Retype the listing exactly; omit pictures.

====== SOURCE DATA ======

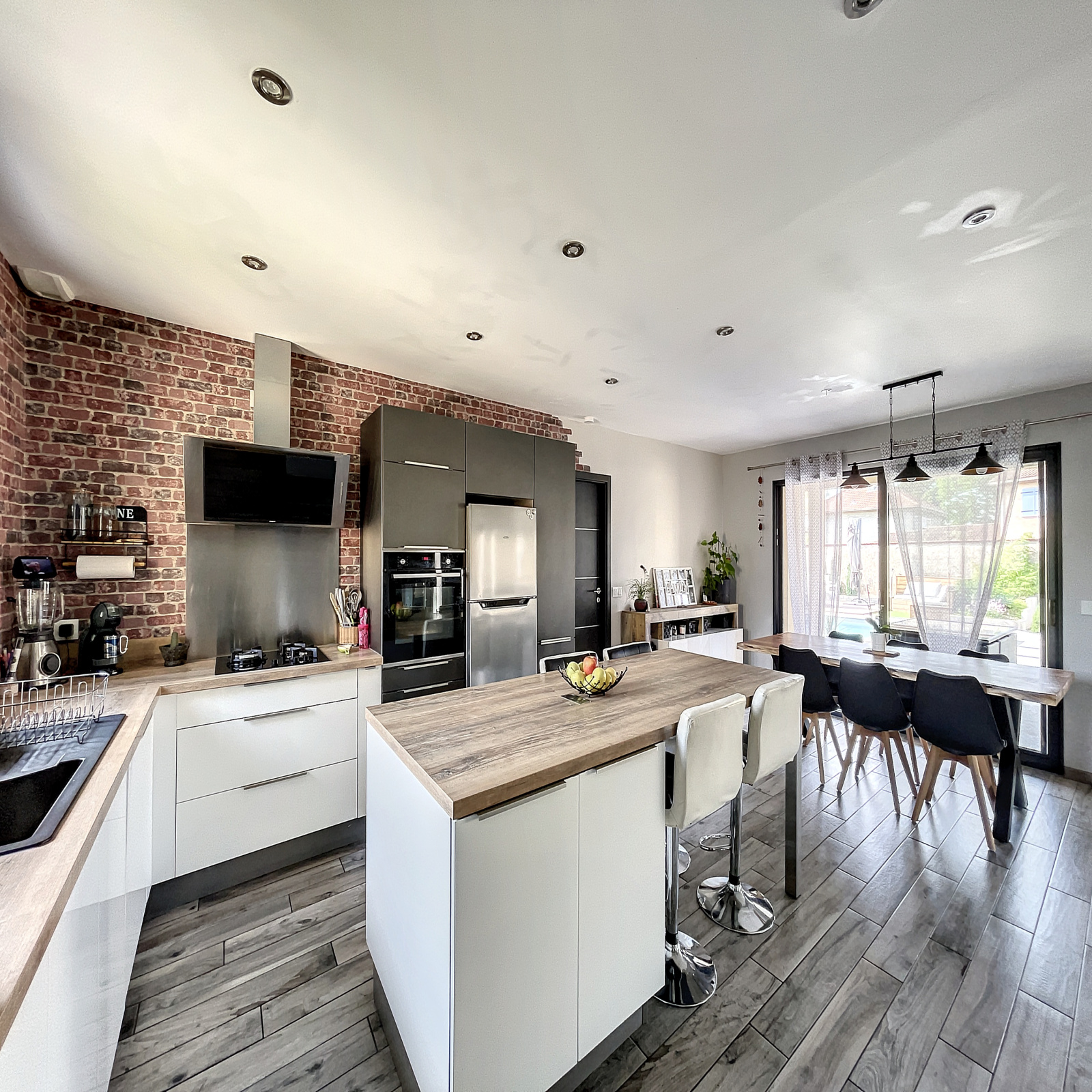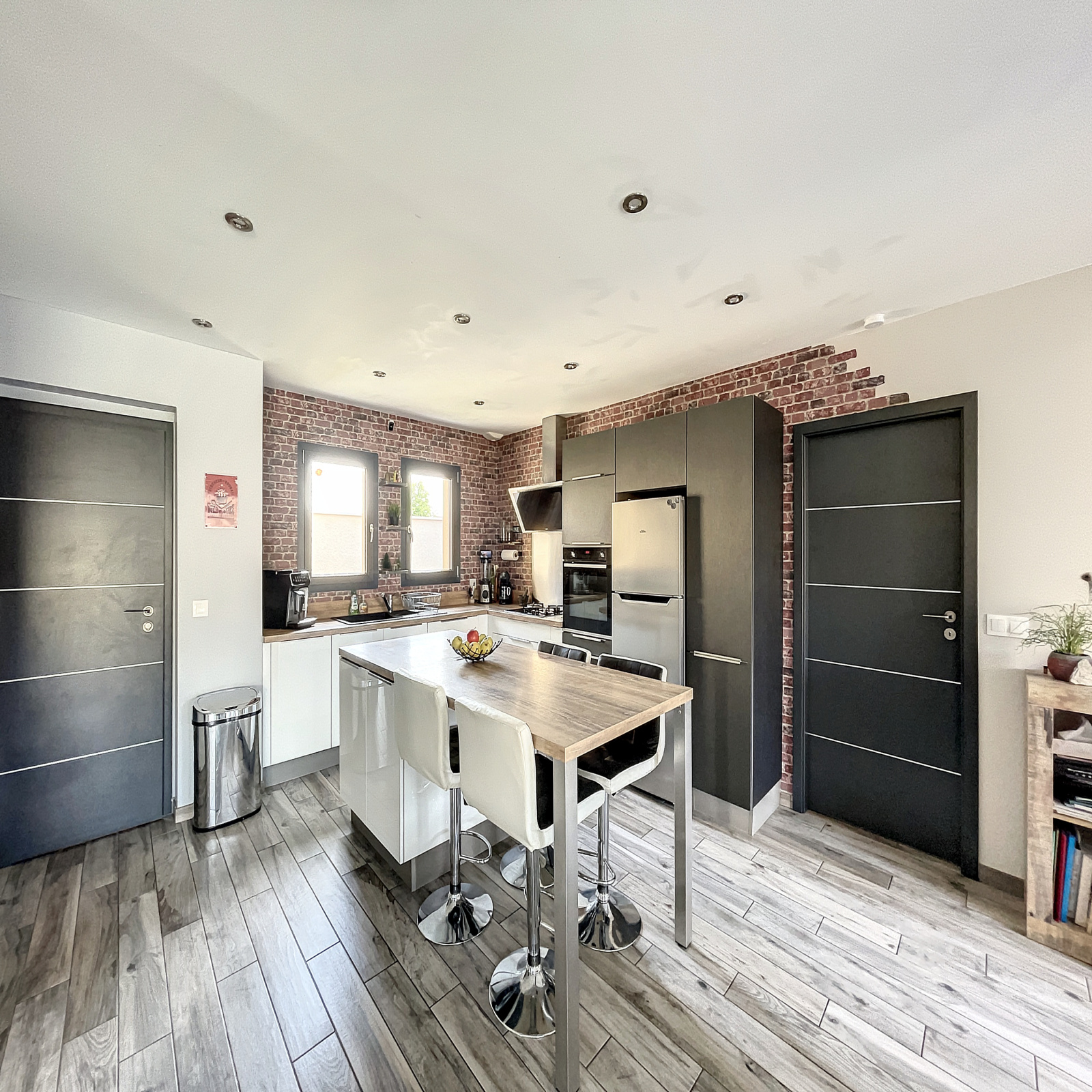 Cette maison contemporaine est composée d'une entrée avec placard, une belle pièce de vie de 50 m2 avec cuisine ouverte sur le salon/salle à manger, un salon home cinéma avec isolation acoustique ( possibilité d'une chambre), quatre chambres dont une suite parentale avec salle d'eau, deux WC, une salle de bain , une buanderie et un garage.
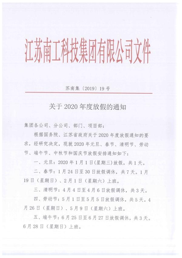 关于2020年度放假的通知
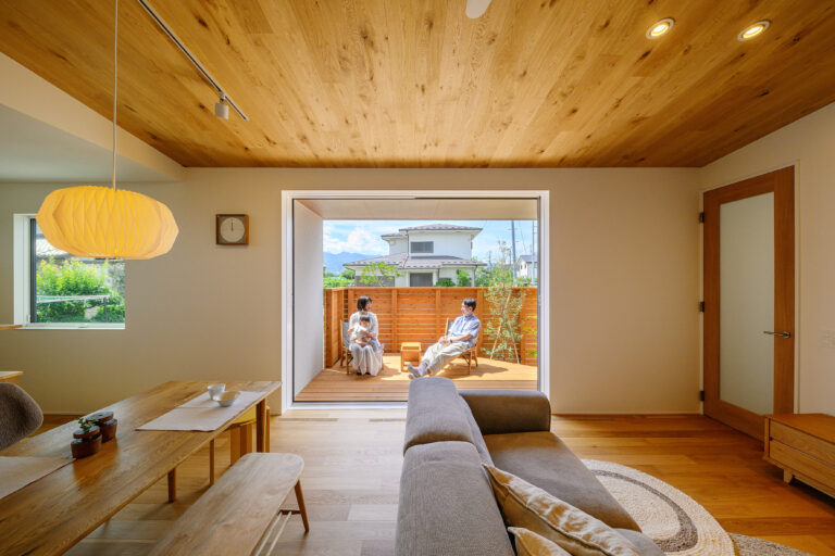 明るく開放的な、外とつながる空間をつくり、家にいながら四季折々の自然を味わえる、心地よい暮らしを提供します。

======

> **RESULT FOR THIS EXERCISE**
 Cette maison contemporaine est composée d'une entrée avec placard, une belle pièce de vie de 50 m2 avec cuisine ouverte sur le salon/salle à manger, un salon home cinéma avec isolation acoustique ( possibilité d'une chambre), quatre chambres dont une suite parentale avec salle d'eau, deux WC, une salle de bain , une buanderie et un garage.
 关于2020年度放假的通知
 明るく開放的な、外とつながる空間をつくり、家にいながら四季折々の自然を味わえる、心地よい暮らしを提供します。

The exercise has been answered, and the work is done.